Я не знаю, каким образом Брик предугадал опасность. Он, несомненно, обладал уникальной способностью самосохранения. Сохранения себя и всех, кто находился рядом с ним. Уверен, будь он с нами с самого начала экспедиции - никто из ребят не погиб.
Я стоял живой, сжимая в руках наспех схваченную одежду, сумку с лекарствами и ружье. Но я не сделал главного - я не взял обувь! Я пренебрег самым важным правилом путешественника зимой. Я мог бы оставить в палатке все, что угодно, но только не обувь. Тридцатиградусный мороз не оставлял мне шанса. С таким же успехом, я мог остаться в палатке досматривать сон.
Я инстинктивно бросился расчищать завал, но тут же осознал бесполезность этого. Слишком много снега для нас двоих, да и в любой момент палатку могло вновь засыпать.
От отчаянья у меня едва не потекли слезы. Я взглянул на Брика: он уже успел одеться и обуться - конечно он подумал о своей обуви. Я видел его теплые унты, точно такого размера как у меня. Оставался единственный шанс на спасение из миллиона - отобрать сапоги у Брика. Глупое, эгоистическое, ослепляющее желание от полной безнадежности.
Брик перехватил мой взгляд. Секунду размышлял, а потом подскочил ко мне и быстро натянул на меня мою куртку, шапку, надел рукавицы, повесил мне на плечо аптечку, укутал ступни своим шарфом. Ружье перекинул себе за спину. А затем легко подхватил меня и положил на широкое плечо.
Он зашагал столь стремительно, будто нес меня до ближайшей опушки леса. Хотя мы оба знали, что ближайшая возможная стоянка, где мы сможем согреться, находится не ближе двадцати пяти километров.

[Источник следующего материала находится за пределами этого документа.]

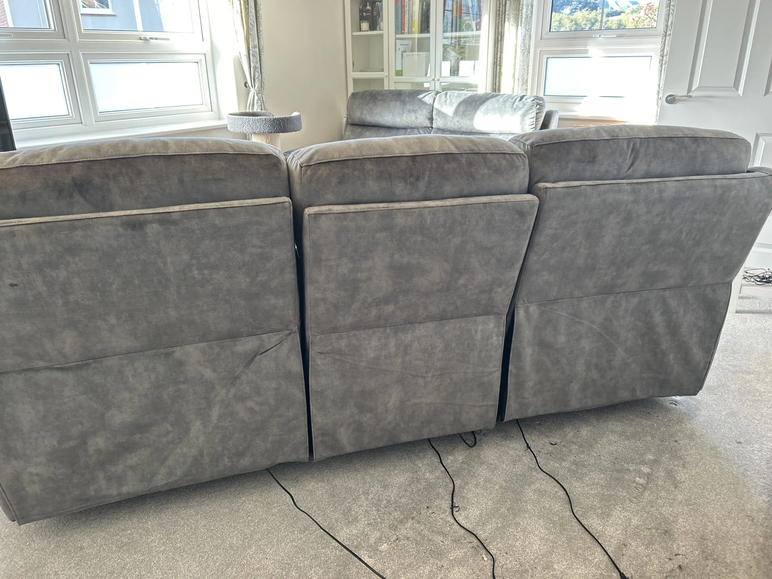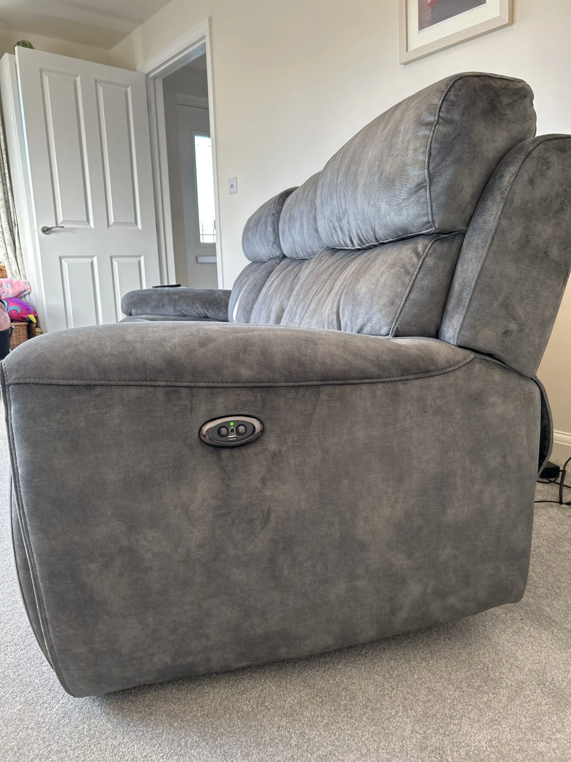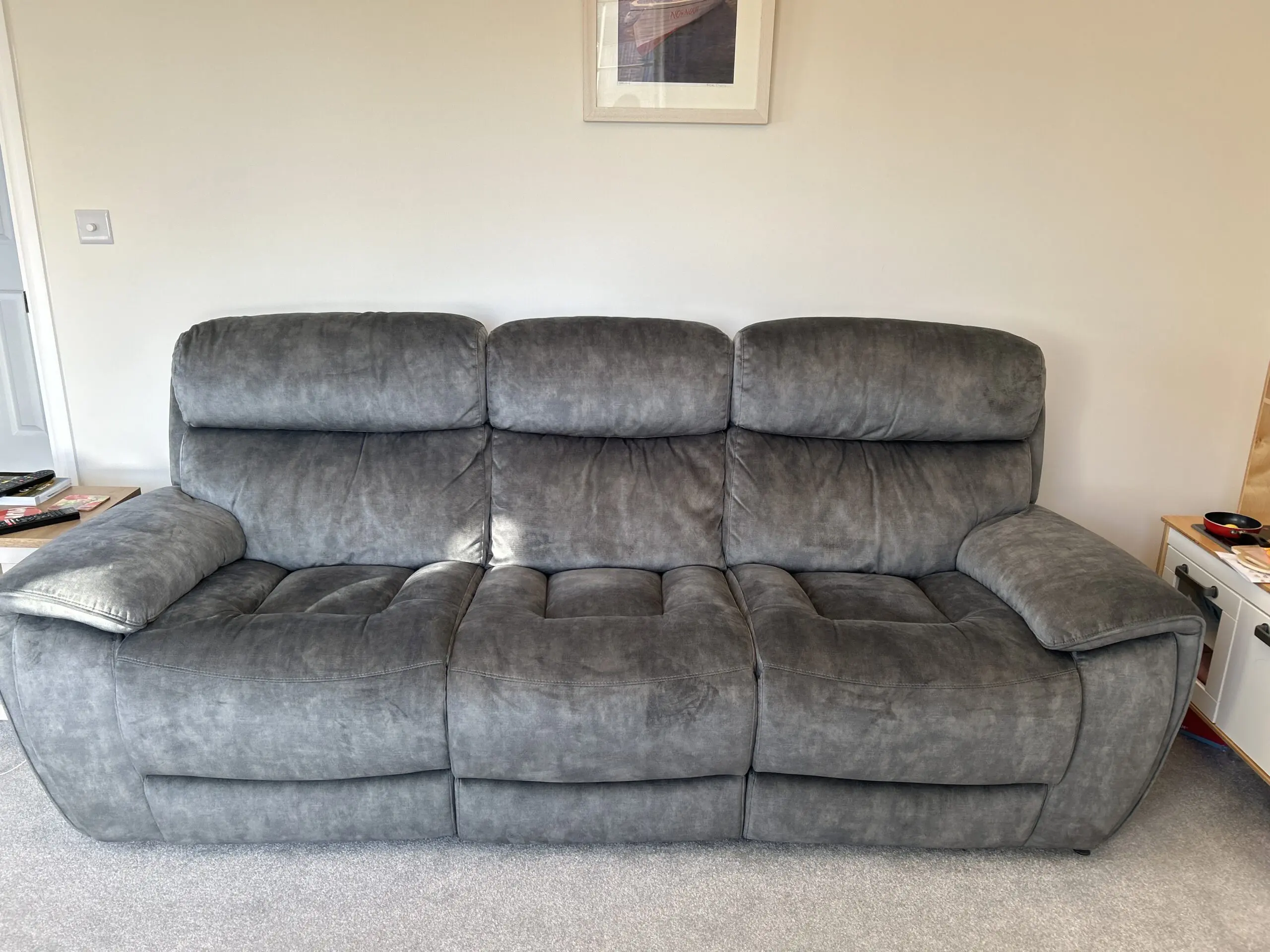 Sofology Radleigh velvet grey 3 seater sofa with 3 electric reclining chairs
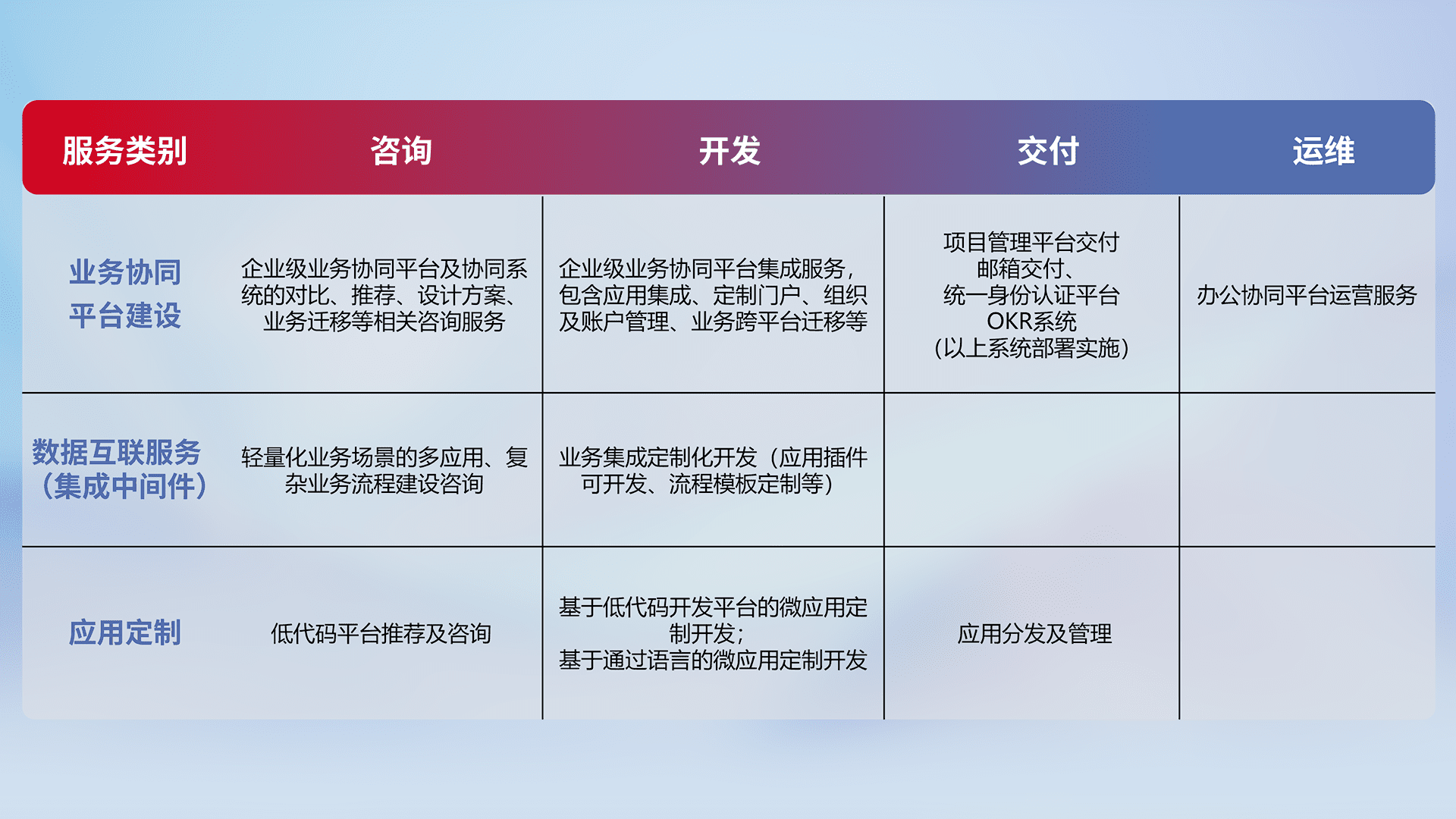 针对钉钉、、、、企微、、、、IDaas等平台级产品提供产品的规划、、方案、、交付、、、定制化开发等服务,,,,实现如统一协同办公、、智能客户服务、、混合会议管理、、智能数据查询、、、、等业务场景,,,实现数字化转型。。。。

Брик нес меня, понимая, что иначе я отморожу ноги и погибну в этом снежном лесу. Он шел, экономя каждую минуту на этом жутком морозе. Он рвался словно спринтер на стометровке, но долго выдержать такой темп было не под силу любому человеку. В зимней одежде я весил не меньше ста килограммов. Но Брик упорно шел, не сбавляя скорости. Пробирался по колено в снегу, порой проваливаясь по пояс. Но выбирался и шел.
Я ощущал, как внутри него гудят от напряжения жилы, слышал, как мощно работают легкие, нагнетая морозный кислород и выдыхая густой пар, чувствовал жар от его сильного тела.
И тогда во мне забрезжила надежда. А вдруг мы сможем добраться до стоянки? Лишь бы Брик не оступился, лишь бы не надорвался, лишь бы не выдохся...
И он шел. Шел не останавливаясь. Лишь дыхание его все учащалось и учащалось, превращаясь в сплошной могучий гул.
Меня же неудержимо клонило в сон. Ритмичное укачивание и мелькание веток перед глазами дурманили разум. Я изо всех сил разлеплял глаза и все равно отключался.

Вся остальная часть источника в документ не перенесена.